Saya juga menerapkan kepada diri saya untuk bijak berperilaku dalam media sosial. Sebagai pekerja lapangan, saya terbiasa membaca berita di online. Kalau berita yang saya baca bermanfaat untuk diketahui publik biasanya saya share ke Facebook (Neng Sari) -- satu-satunya media sosial saya. Kebetulan saya tidak punya twitter, Instagram, atau yang lainnya. Jadi saya tidak perlu dipusingkan oleh postingan-postingan yang tidak penting.
Begitu pula saat saya menyikapi informasi yang dibagi di group WhatsApp. Jika setelah ditelusuri kebenarannya dan ternyata informasi tersebut hoax, saya meminta teman yang memposting untuk menghapusnya. Saya juga meminta anggota group untuk tidak membagikan lagi postingan tersebut. Kalau sudah terlanjur membagikan, saya minta segera untuk menghapusnya. Saya juga menghimbau sebelum mengshare informasi tersebut harus mencari tahu kebenarannya terlebih dahulu, dan harus dipikirkan pula manfaat tidaknya postingan itu.
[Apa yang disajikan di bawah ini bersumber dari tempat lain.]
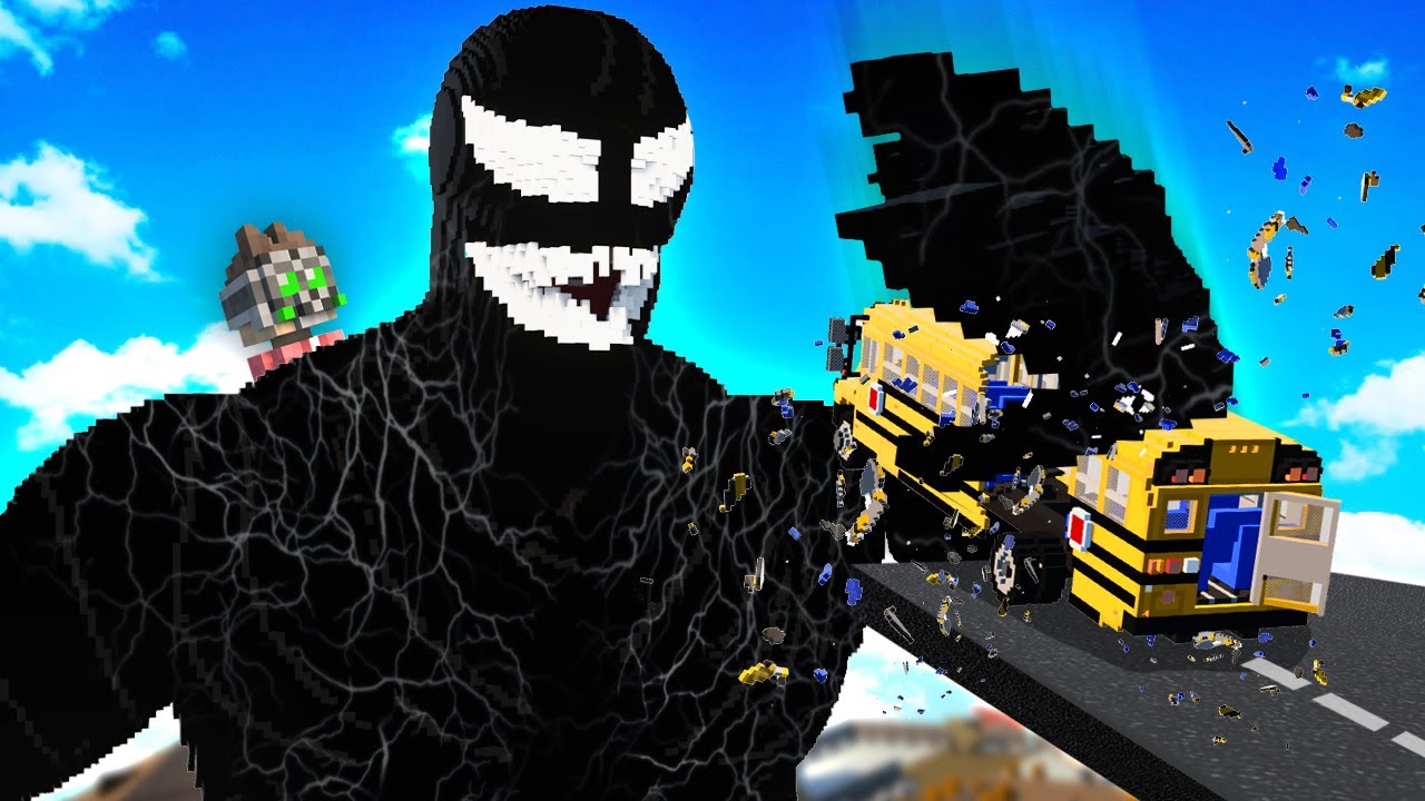 Today @Fudgy and I drive a bunch of cars into Venom. I’ve made Venom HUGE and with physics and he’s able to, defend himself.

Demikianlah pengalaman saya "berperilaku cerdas di tengah ketidakpastian". Sejauh ini sih berjalan lancar tanpa ada hambatan berarti. Semoga saja "ketidakpastian" ini mampu menuntun kita untuk beradaptasi dan mencari cara positif bagaimana kita harus menyikapinya jika suatu ketika kembali menghadapi "ketidakpastian".